What is expected
Everything from the line with "Kahverengi Deri Dolgu Topuklu Kadın Bot" to the line with "物资分发现场暖意融融,欢声笑" in the listing below, both lines included, needs to be copied exactly, apart from the pictures.

Recorded information
○ ○ ○ ○ ○

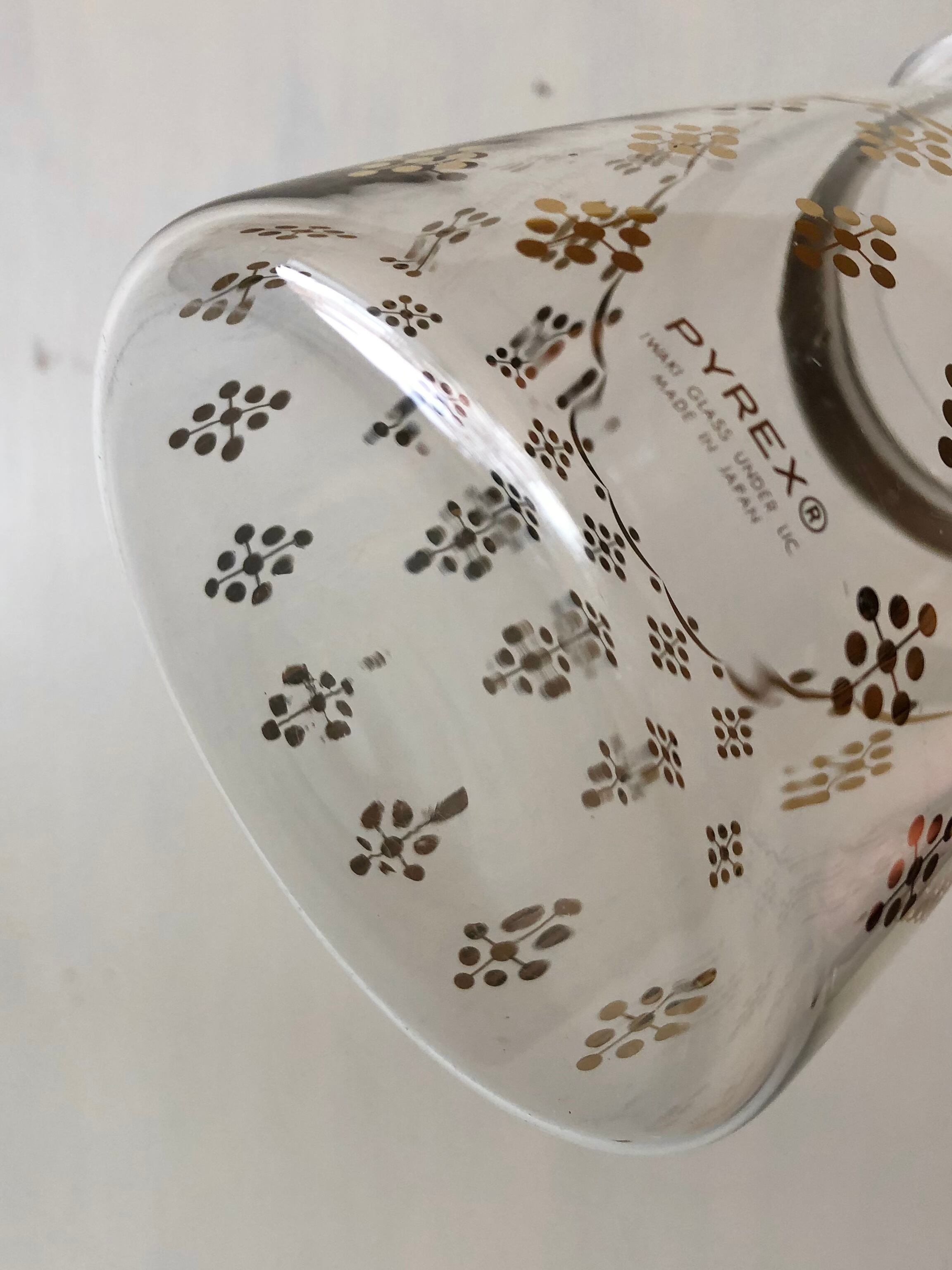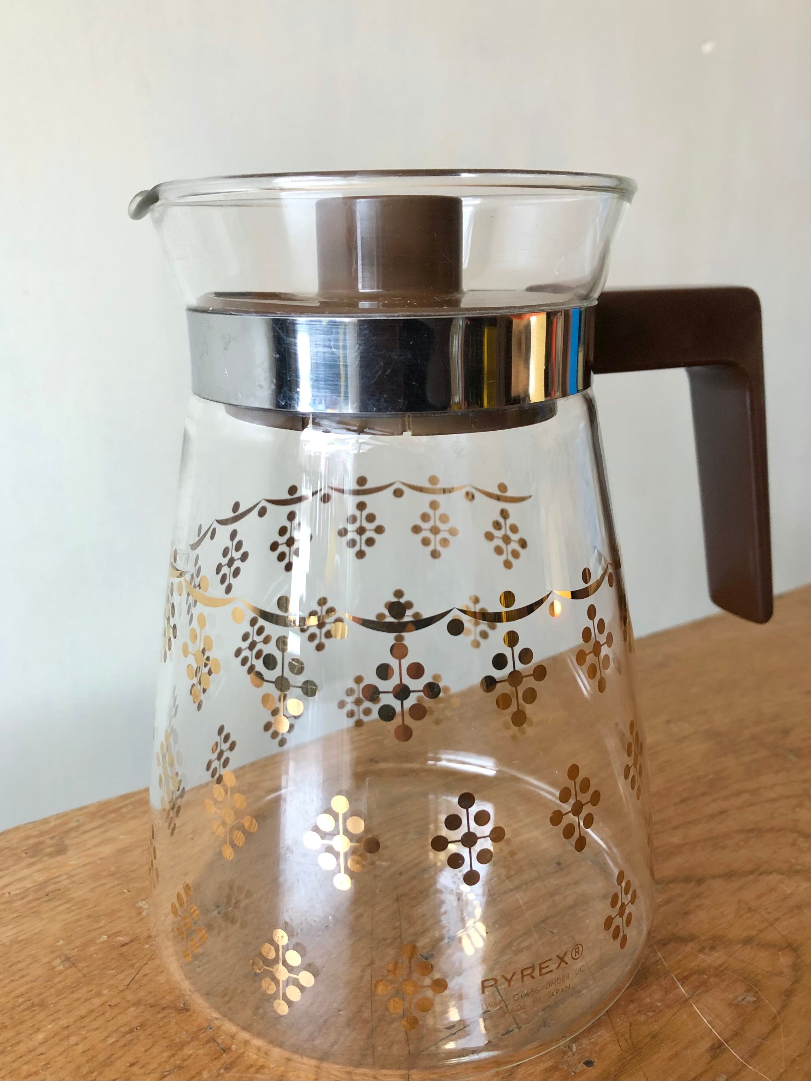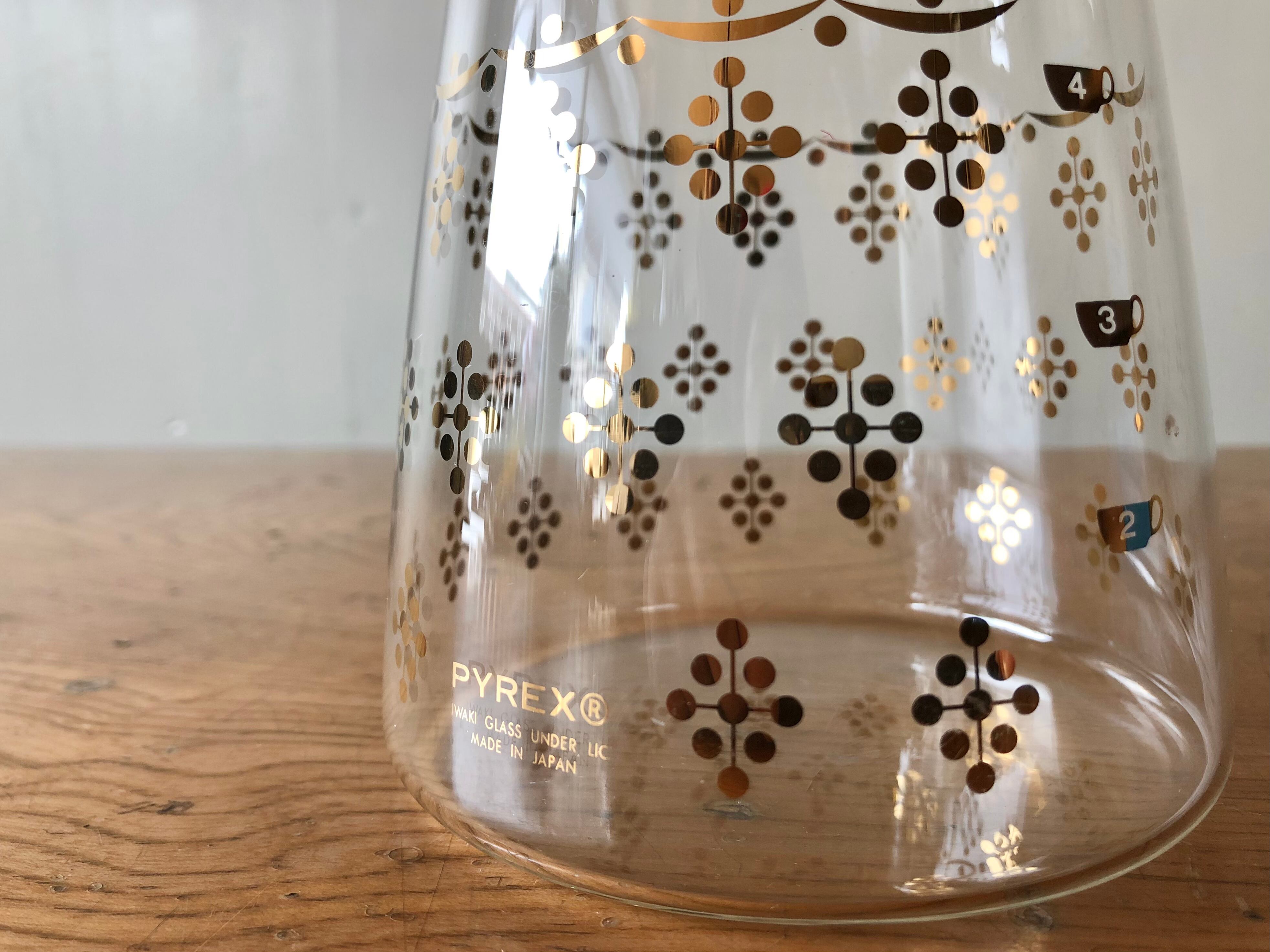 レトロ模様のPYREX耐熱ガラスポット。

○ ○ ○ ○ ○

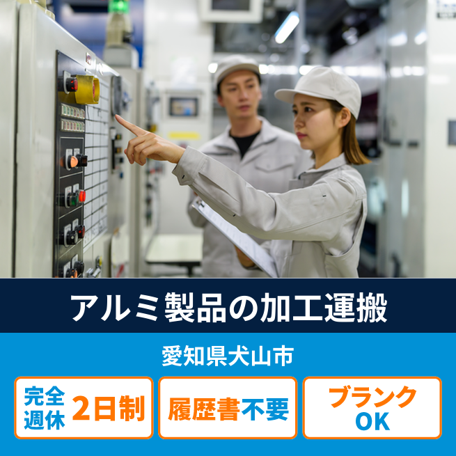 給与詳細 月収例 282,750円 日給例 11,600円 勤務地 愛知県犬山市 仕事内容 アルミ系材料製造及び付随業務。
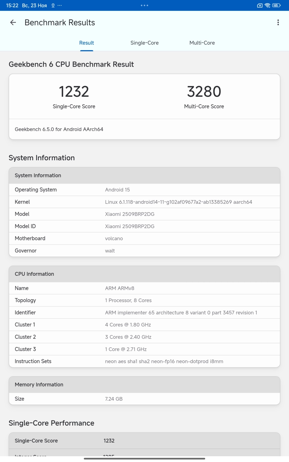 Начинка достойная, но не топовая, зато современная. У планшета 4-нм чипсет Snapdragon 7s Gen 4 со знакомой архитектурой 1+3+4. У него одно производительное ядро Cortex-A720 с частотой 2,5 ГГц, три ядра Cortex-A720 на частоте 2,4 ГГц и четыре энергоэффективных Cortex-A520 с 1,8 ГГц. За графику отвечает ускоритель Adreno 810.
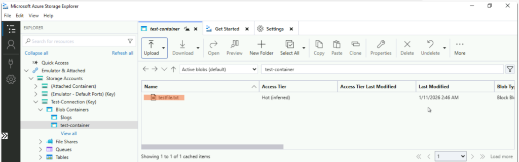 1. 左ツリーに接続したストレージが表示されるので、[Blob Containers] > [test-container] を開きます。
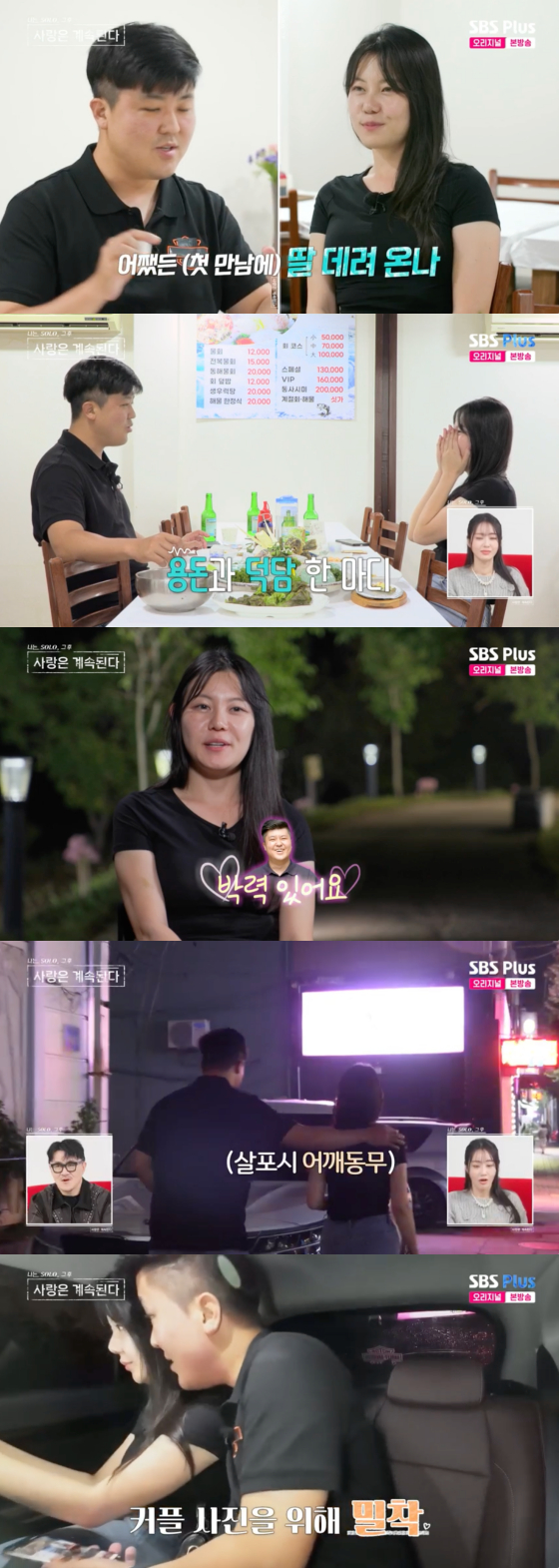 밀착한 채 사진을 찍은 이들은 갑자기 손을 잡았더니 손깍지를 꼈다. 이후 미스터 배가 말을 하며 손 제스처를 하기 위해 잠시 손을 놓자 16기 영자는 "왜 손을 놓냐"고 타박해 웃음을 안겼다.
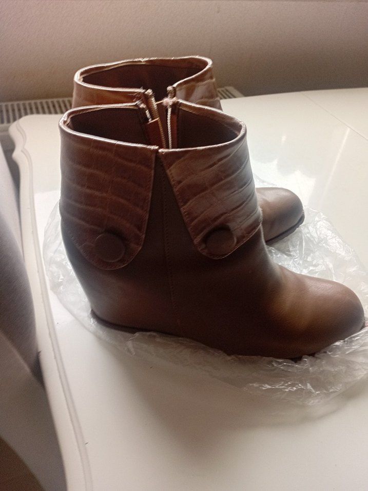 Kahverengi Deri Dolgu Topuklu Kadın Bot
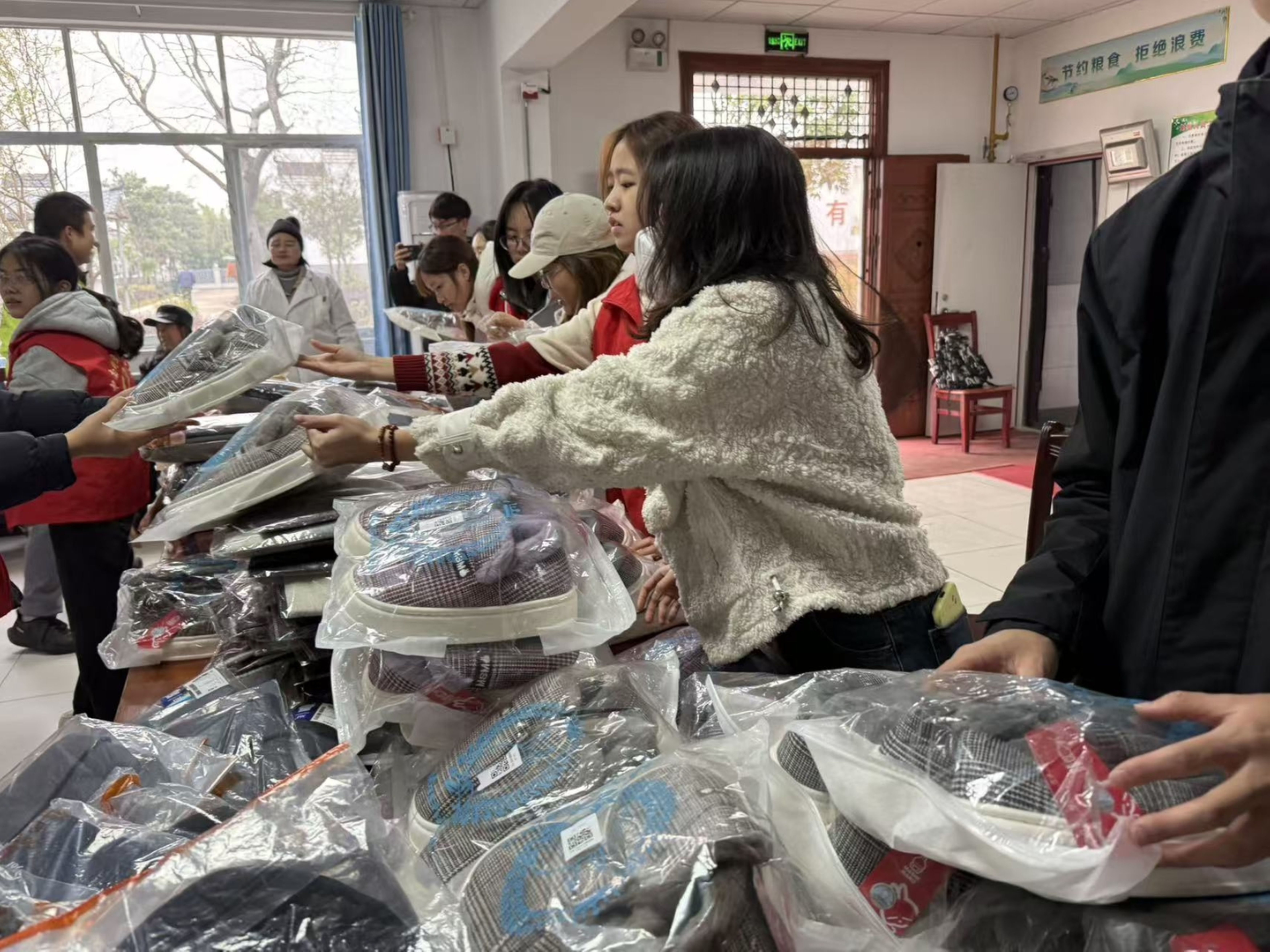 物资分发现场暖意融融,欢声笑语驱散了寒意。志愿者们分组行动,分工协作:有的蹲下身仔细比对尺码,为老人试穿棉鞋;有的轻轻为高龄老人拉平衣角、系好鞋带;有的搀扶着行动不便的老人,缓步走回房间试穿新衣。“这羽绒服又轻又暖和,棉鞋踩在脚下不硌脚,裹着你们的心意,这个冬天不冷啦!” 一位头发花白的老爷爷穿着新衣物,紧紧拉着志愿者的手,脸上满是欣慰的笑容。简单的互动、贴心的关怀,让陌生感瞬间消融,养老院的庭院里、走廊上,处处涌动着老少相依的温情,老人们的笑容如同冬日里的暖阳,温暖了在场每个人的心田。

○ ○ ○ ○ ○

Solved problem
 Kahverengi Deri Dolgu Topuklu Kadın Bot
 物资分发现场暖意融融,欢声笑语驱散了寒意。志愿者们分组行动,分工协作:有的蹲下身仔细比对尺码,为老人试穿棉鞋;有的轻轻为高龄老人拉平衣角、系好鞋带;有的搀扶着行动不便的老人,缓步走回房间试穿新衣。“这羽绒服又轻又暖和,棉鞋踩在脚下不硌脚,裹着你们的心意,这个冬天不冷啦!” 一位头发花白的老爷爷穿着新衣物,紧紧拉着志愿者的手,脸上满是欣慰的笑容。简单的互动、贴心的关怀,让陌生感瞬间消融,养老院的庭院里、走廊上,处处涌动着老少相依的温情,老人们的笑容如同冬日里的暖阳,温暖了在场每个人的心田。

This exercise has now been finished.